橋下氏、三浦瑠麗氏に「日本は国際政治学者の力が弱かったのではないか」と問題提起

 朝鮮半島情勢に揺れ続ける日本。8日放送のAbemaTV『橋下徹の即リプ!』で、橋下氏と国際政治学者の三浦瑠麗氏が日本の安全保障をめぐる議論の問題点を指摘した。


 まず橋下が「国家の安全を守ること、安全保障は国の一番重要な仕事。ロシアの考え方には与しないけれど、オリバー・ストーンがプーチン大統領にインタビューした本を読んで、国を守るとはこういうことなのか、これが国家の指導者だと思った。つまり、僕たちはいつも西側諸国の感覚で話すけど、ロシアの立場から見ると、韓国、日本、ヨーロッパと、周りをミサイルの体制で取り囲まれている。プーチンはその状況からロシアをどうするかを考えていく。日本の場合はそうではなくて、いつも9条から出発している」と指摘。

 すると三浦氏は「9条1項2項があって、軍は禁じているけれど、国の安全を確保することは禁じていないだろうということで、「必要最小限度」で自衛隊を持っている。そして、防衛費はGDPの1%以内ですよとか、武器の輸出はしません、といった基準を入れてきたが、この「必要最小限度」は、アメリカが何をしてくるかで揺れ動く。アメリカに"次の5年間はここまでしかしません"と言われたら、残りの部分は自衛隊が負わなくてはいけない。政府はその都度「安全保障環境の変化が」と言い、ハト派は"国民の恐怖を煽っている"と言う。そもそも憲法に一言も書いていない"日米同盟におけるアメリカがやってくれる度合い"も含めた憲法解釈をやろうとするのは不健全だ」と応じた。

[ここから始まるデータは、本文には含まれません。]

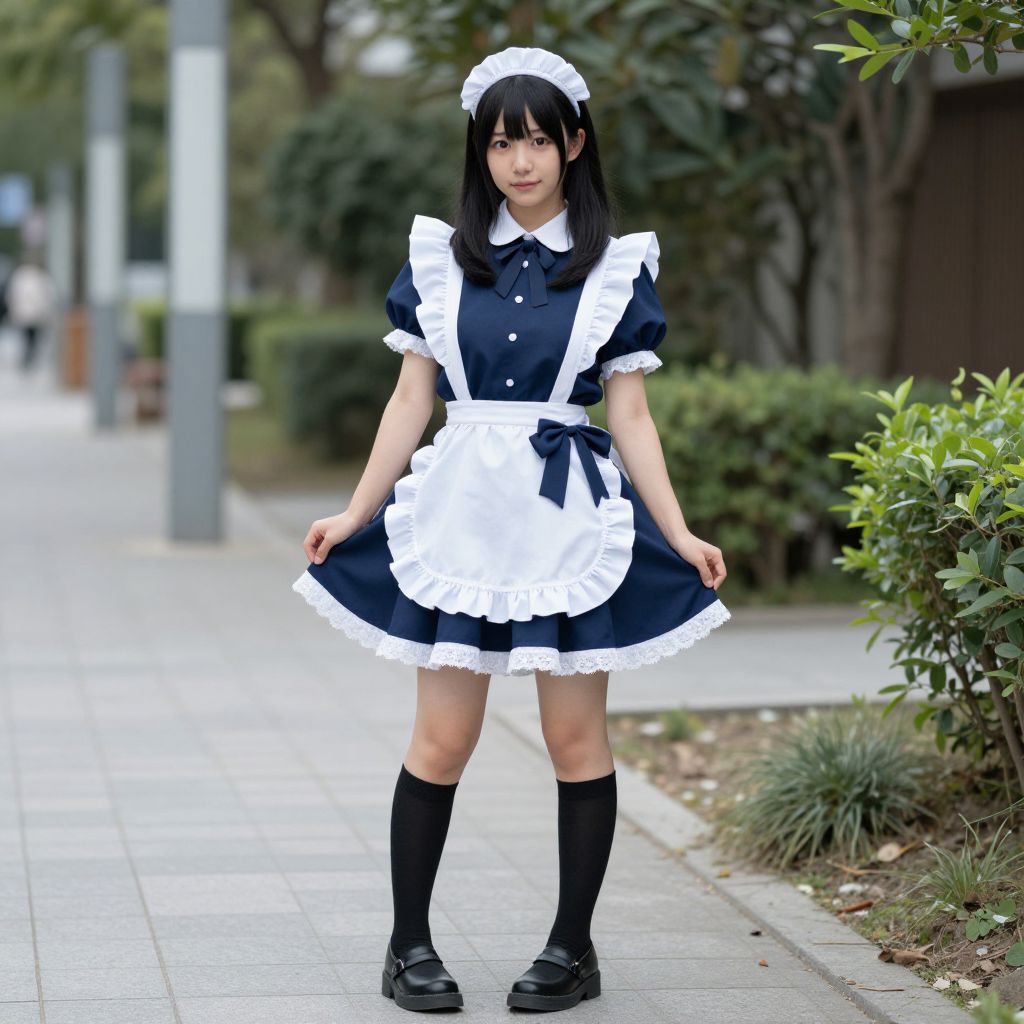 Misaki Maid Costume, woman in a maid outfit standing on a sidewalk
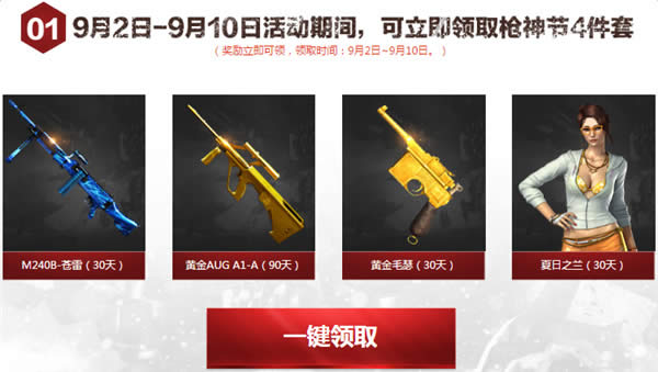 1)9月2日-9月10日活动期间,可立即领取枪神节4件套
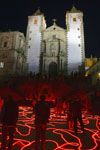 Tubos de leds rojos invadieron las calles de la ciudad monumental de Cáceres el 7 de mayo de 2010.

 さらに橋下氏が、三浦氏の専門分野を念頭に「今まで日本で安全保障の分野の議論が弱かったのは、アメリカに頼りっきりだったからということと、国際政治学者の力が弱かったからだと思う。憲法9条があるから法律家が出てきてくだらんことばっかり言うんだけど、本来は安全保障を法律家に語らせたらだめなんです。9条を横に置いておいて、国の安全とはなんぞや、ということを国際政治学者が議論すべきなのに、あまりやってこなかったのではないか」と問題提起。

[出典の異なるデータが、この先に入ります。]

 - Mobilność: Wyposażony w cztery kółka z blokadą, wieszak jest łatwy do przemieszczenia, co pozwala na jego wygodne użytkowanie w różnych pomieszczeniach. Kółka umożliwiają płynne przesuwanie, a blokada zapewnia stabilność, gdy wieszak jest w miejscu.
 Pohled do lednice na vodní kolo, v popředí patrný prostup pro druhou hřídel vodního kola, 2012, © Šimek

 三浦氏は「私の師匠のそのまた師匠は中立的なことを考えていた人で、西側にも東側にも与せず、しかも核抑止からも逃れられるような何かを目指していた。日本の国際政治学というのはアメリカの思想を輸入しちゃうか、理想論的なものにいくかのどちらかだった。でも輸入するということは翻訳するだけでなにも産み出してなので、もっと志を高く持って最先端の話をしなければならなかった。憲法学者が幅を効かせる中で、憲法解釈まではいじれないけど、必要なことは言わないといけなかった」と説明。橋下氏は「憲法を無視して言い訳じゃないし、憲法9条の解釈もやらないといけないけど、そこは政治家も含めて一緒に組んで、国際政治学者は枠を離れて国の安全保障はなんぞやと、そして9条に対してどうするんですかというところで法律家が出てきて、現実的な国際安全保障環境と憲法のどう隙間を解釈で埋めていくかを議論するのが本来の姿なのに、いきなり憲法だけで行くからいけない」とコメントした。